Tenant shall continue to perform all of its obligations under the Lease through the Termination Date. Within five (5) business days after the Termination Date, Landlord will release the Letter of Credit to Tenant and refund the Security
Deposit to Tenant. 

 3. Settlement. In consideration of Landlord’s agreement to execute this
Agreement, Tenant has agreed to pay and Landlord has agreed to accept the sum of Three Million Eight Hundred Seventeen Thousand Five Hundred Twenty-Eight Dollars ($3,817,528.00) (the “Settlement Amount”). The Settlement Amount must be
received by Landlord within three (3) business days following full execution of this Agreement, via wire transfer, pursuant to the wire instructions below: 
  

							
	ACH Instructions:	  		  	[###]	  	
	Account #	  		  	[###]	  	
	ABA/Routing #	  		  	[###]	  	

 TENANT ACKNOWLEDGES AND AGREES THAT TIME IS OF THE ESSENCE WITH RESPECT TO THE PAYMENT DUE TO LANDLORD PURSUANT TO THIS
SECTION 3. 
 4. Contingency. This Agreement is contingent upon Landlord’s execution of a new lease for the Premises with
ARM Holdings (“ARM”). Within three (3) business days after execution of a lease with ARM, Landlord will provide Tenant with written notice thereof. In the event Landlord does not execute a new lease for the Premises with ARM on or
before May 30, 2017 (the “Contingency Date”), Landlord, at its sole option, may extend the Contingency Date for a period of up to sixty (60) days upon written notice to Tenant. If Landlord does not elect to extend the Contingency
Date, this Agreement (including each of the releases set forth herein, but excluding the provisions of Section 12 below, which shall remain in full force and effect) shall be null and void, (i) within three (3) business days after the
Contingency Date, Landlord shall reimburse Tenant for the full Settlement Amount via wire transfer, pursuant to the wire instructions below, and (ii) Landlord and Tenant shall remain fully obligated to perform all of their respective
obligations under the Lease. 
  

							
	Beneficiary Name:	  	Mirna Therapeutics Inc.	  		  	
	Address:	  	2150 Woodward St, Suite 100	  		  	
		  	Austin, TX 78744	  		  	
				
	Routing Number:	  	[###]	  		  	
	Account Number:	  	[###]	  		  	
				
	Bank Name:	  	Comerica Bank	  		  	
	Address:	  	300 W. Sixth St, Suite 2250	  		  	
		  	Austin, TX 78701	  		  	
		  		  		  	

  
  
  

 
  
  

 

 LANDLORD ACKNOWLEDGES AND AGREES THAT TIME IS OF THE ESSENCE WITH RESPECT TO THE REIMBURSEMENT DUE TO TENANT
PURSUANT TO THIS SECTION 4. 
 5. Tenant Representations and Warranties; Lien Waiver. 
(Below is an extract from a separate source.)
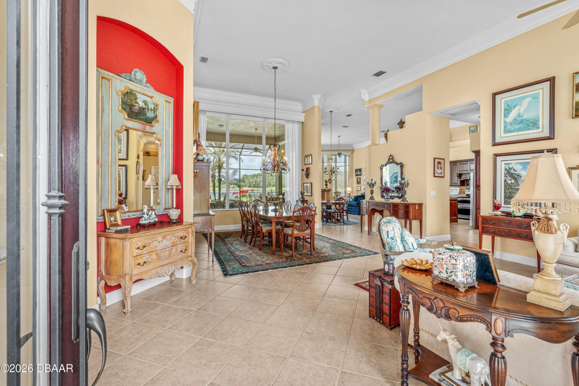 The TRIPLE VIEW-golf course, lake, preserve. Welcome to 1106 Oxbridge Lane, an exceptional 4 bedroom, 3.5 bathroom, 3 car garage estate home with a pool and elevated jacuzzi, .61 Acre lot, perfectly positioned with breathtaking golf course and lake views in the prestigious Plantation Bay Golf & Country Club. Enter through the custom double glass front doors and be immediately captivated by panoramic views of the pool, lake, and golf course, framed by soaring 14-foot ceilings and an open, light-filled layout. The formal living room showcases tile floors, expansive windows, custom drapes and blinds, and elegant double crown molding. The formal dining room is equally impressive with large windows capturing the serene views, custom chandelier, extensive trim work, tile floors laid on the diagonal, and 14-foot ceilings. The oversized kitchen is designed for both function and style, featuring granite countertops and backsplash, 42-inch all-wood dovetail soft-close cabinetry, GE Profile MORE ... stainless steel appliances including a built-in oven and built-in oven and range with double oven feature, stainless steel farmhouse sink, reverse osmosis system, separate dry bar area, additional built-in cabinetry, and a large walk-in pantry. The breakfast nook is surrounded by grand windows with continued trim work and tile flooring, offering incredible views. The family room features massive windows, extended crown molding, 14-foot ceilings, a gas fireplace, built-in surround sound, custom electric sun shades, and three sliders leading to the lanai. The private master suite is tucked away in its own wing with double door entry, a wall of glass sliders to the lanai, custom drapes and shades, and stunning views of the pool, lake, and golf course. The space is enhanced by 12-foot ceilings with crown molding and custom detailing. The updated master bath includes quartz countertops, dual vanities with a dedicated makeup area, jetted tub, large walk-in shower with mosaic tile accent and waterfall showerhead, private commode, and a grand walk-in closet with custom built-ins. Guest accommodations include spacious secondary bedrooms with walk-in closets, including a rear bedroom with incredible lake and golf views. Secondary bathroom feature extended vanities, tile tub/shower combinations, and designer finishes. The fourth bedroom, located on the master wing, offers a built-in desk area with 3rd bath with tile tub/shower combo. Hallways leading to the master include custom built-ins for added functionality. The laundry room is fully equipped with an additional dishwasher, large sink, abundant cabinetry, and folding space. Additional features include two hot water heaters (2020 and 2021),2 zoned AC system, Culligan water system, custom drapery throughout, and sunshades on family room windows. Step outside to a truly resort-style outdoor space featuring a grand covered lanai, oversized heated pool with elevated gas heated jacuzzi, koi pond with a newly updated liner and pump (March 2026), gas hookup for grilling, and sweeping views from every angle. A dedicated pool 1/2 bath enhances convenience for outdoor living. The oversized, deep three-car side-entry garage includes built-in cabinetry for storage. Situated on over half an acre, this property offers exceptional curb appeal with a large front yard, freshly curbed flower beds, lush landscaping, exterior landscape lighting, and a tile roof with full gutter system. Enjoy added privacy with no neighbor to the left, all located on a quiet cul-de-sac street lin

(a) Tenant hereby represents and warrants for purposes of this Agreement only that the following statements are true as of the date hereof:

 (i) Tenant holds the entire interest of the “tenant” under the Lease. 

(ii) Tenant has not pledged its interest in the Lease as collateral or otherwise sold, transferred, assigned or subleased all or any portion
of the Lease or the Premises. 
 (iii) Tenant has no knowledge of any claim, injury or cause of action which has occurred, whether or not
filed, by or for any party, relating to the Lease. 
 (iv) There are no contracts for the furnishing of any labor or materials remaining
unpaid and an encumbrance on the Lease with respect to improvements or alterations in or about the Premises, including, without limitation, any sums due to Balfour Beatty Construction. 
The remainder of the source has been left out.